The Norwegian Sovereign Fund Disengages from Bolloré, What Effects for Investments in Africa?
The Norwegian Sovereign Fund is disinvesting from the French group Bolloré, raising concerns about potential implications for investments in Africa.
The Norwegian Sovereign Fund, one of the world’s largest investment funds, is divesting from the French conglomerate Bolloré, which has significant operations in Africa. The fund's holdings in Bolloré amounted to $90 million, a small fraction compared to Bolloré's total market capitalization of over $15 billion. Analysts are suggesting that this move is pivotal given Bolloré's considerable influence in the region through various investments, specifically in sectors such as palm oil and logistics.

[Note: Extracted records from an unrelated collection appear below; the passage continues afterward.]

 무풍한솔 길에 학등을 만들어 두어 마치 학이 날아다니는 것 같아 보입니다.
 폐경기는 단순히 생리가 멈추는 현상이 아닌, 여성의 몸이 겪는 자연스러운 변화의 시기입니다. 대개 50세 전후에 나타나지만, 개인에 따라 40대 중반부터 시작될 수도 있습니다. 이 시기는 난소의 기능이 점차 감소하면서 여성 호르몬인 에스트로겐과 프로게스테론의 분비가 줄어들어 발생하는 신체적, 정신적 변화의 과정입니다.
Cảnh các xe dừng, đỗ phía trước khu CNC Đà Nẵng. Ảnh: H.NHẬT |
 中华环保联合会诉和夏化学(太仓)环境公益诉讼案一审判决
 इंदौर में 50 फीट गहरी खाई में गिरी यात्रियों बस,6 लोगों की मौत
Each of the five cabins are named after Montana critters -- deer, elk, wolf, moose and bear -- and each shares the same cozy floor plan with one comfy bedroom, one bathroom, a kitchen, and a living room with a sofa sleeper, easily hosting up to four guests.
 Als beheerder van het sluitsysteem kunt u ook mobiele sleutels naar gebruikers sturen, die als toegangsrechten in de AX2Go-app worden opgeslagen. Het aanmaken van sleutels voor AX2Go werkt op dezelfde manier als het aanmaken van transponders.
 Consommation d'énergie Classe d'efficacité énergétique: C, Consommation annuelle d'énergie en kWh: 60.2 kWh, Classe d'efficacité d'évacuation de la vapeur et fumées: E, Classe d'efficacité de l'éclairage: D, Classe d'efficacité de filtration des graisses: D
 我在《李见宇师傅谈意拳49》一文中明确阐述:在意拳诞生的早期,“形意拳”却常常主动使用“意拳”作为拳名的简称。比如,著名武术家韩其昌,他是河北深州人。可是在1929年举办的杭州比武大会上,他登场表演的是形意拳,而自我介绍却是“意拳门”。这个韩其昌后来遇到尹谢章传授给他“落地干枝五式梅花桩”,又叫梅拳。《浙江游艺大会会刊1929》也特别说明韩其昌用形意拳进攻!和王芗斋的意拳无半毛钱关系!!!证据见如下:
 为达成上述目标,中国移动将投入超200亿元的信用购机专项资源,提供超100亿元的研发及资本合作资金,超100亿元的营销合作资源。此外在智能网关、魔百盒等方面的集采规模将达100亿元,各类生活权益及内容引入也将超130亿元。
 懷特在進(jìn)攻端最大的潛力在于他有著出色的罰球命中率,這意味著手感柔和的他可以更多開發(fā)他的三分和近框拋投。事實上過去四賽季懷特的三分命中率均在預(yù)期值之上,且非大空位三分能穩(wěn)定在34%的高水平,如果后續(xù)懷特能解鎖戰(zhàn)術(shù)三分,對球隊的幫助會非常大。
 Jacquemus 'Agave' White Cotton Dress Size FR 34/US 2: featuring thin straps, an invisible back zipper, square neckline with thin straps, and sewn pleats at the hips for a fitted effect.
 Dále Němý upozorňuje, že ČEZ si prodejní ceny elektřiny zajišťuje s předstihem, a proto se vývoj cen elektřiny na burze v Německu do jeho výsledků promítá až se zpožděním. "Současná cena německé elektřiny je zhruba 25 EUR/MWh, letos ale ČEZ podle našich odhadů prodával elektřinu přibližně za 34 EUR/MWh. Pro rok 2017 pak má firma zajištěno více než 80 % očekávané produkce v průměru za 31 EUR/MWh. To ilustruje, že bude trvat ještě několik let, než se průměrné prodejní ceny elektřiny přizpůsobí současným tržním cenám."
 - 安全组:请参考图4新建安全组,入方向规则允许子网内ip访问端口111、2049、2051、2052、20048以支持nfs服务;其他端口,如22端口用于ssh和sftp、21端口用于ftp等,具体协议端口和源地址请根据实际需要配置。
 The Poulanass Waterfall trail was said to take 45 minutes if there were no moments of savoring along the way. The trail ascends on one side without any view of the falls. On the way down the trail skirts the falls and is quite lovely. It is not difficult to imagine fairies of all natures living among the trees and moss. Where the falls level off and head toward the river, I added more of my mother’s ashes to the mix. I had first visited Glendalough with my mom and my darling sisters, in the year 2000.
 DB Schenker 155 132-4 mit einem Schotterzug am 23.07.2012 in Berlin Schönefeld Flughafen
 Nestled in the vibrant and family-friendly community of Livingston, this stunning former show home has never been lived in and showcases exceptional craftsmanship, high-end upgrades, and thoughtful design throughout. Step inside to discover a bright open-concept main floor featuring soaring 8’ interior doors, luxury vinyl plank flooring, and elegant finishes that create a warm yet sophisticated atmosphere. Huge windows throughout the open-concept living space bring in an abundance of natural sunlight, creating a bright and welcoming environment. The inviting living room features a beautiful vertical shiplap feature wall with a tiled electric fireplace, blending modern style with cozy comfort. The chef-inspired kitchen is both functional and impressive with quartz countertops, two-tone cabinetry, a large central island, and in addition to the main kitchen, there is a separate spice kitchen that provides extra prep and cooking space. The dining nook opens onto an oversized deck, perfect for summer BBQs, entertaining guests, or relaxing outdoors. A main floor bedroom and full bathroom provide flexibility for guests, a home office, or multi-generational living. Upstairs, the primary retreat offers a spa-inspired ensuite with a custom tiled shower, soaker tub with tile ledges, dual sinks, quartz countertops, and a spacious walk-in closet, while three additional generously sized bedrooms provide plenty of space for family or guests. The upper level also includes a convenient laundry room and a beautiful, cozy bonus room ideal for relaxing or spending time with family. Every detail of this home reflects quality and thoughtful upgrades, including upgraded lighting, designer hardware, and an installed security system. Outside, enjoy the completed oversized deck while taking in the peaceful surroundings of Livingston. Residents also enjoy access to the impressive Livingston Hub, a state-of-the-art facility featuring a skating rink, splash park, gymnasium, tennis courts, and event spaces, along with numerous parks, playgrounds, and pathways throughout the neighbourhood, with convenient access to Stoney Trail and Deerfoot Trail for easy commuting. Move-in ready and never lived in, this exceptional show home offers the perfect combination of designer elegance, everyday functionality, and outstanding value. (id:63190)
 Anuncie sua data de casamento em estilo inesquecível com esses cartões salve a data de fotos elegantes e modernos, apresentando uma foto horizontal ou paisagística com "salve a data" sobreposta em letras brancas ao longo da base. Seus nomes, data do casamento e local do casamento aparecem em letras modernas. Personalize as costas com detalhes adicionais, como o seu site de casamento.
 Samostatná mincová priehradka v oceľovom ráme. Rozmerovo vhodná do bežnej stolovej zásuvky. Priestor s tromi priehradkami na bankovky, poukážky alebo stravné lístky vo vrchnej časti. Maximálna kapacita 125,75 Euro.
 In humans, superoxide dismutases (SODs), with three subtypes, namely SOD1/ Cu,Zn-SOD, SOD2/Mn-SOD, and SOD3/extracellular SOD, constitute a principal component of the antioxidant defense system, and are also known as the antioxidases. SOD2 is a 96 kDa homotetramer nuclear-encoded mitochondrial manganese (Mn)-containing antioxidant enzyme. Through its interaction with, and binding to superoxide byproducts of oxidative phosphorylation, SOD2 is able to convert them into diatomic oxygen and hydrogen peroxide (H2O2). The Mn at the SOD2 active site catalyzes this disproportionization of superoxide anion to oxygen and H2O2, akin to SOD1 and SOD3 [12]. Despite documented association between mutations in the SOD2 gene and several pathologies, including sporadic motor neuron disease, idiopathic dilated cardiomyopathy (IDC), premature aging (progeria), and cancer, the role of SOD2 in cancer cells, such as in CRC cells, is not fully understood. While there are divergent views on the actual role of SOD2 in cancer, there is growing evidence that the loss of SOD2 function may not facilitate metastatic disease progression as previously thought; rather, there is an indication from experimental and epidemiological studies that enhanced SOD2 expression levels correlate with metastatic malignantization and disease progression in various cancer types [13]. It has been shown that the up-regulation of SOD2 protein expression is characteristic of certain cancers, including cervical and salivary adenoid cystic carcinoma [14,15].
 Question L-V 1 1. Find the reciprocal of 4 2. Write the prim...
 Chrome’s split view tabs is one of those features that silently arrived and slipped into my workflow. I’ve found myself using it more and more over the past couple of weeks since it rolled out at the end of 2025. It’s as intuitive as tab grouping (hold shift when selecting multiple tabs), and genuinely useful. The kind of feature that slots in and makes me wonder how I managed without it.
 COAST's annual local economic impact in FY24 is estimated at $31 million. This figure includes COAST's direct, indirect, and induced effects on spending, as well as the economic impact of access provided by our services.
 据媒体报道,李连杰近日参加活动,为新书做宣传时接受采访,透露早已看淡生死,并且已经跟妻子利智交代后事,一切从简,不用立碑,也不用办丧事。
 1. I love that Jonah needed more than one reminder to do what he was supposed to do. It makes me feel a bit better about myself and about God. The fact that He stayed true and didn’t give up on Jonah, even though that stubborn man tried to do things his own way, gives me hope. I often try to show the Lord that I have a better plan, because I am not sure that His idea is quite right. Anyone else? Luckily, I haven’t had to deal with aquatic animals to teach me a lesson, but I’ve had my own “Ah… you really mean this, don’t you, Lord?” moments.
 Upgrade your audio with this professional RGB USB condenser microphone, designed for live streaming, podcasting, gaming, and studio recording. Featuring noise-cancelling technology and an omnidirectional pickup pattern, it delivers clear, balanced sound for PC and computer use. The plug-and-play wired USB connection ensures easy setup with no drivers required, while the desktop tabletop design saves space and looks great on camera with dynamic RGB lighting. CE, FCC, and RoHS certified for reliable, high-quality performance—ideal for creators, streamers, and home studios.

Experts, including Cameroonian financial engineer Babissakana, assert that Bolloré's loss of a major global shareholder signals troubling implications for its future investments and operations, particularly in Africa where the company is involved in sensitive industries. The decision by the Norwegian fund follows a recommendation from its ethics council, citing unacceptable risks associated with human rights violations in some of Bolloré's operations, especially those relating to palm oil plantations managed by Socfin, a Belgian company in which Bolloré holds a minority stake.
This disengagement could create a ripple effect, influencing how other investors perceive Bolloré’s practices and operations in Africa. It raises critical questions about corporate governance and ethical investment standards, especially in regions where adherence to human rights norms is inconsistent. As such, the Norwegian fund's decision could potentially encourage a reassessment of investment strategies across the continent, particularly in sectors that are closely scrutinized for ethical concerns.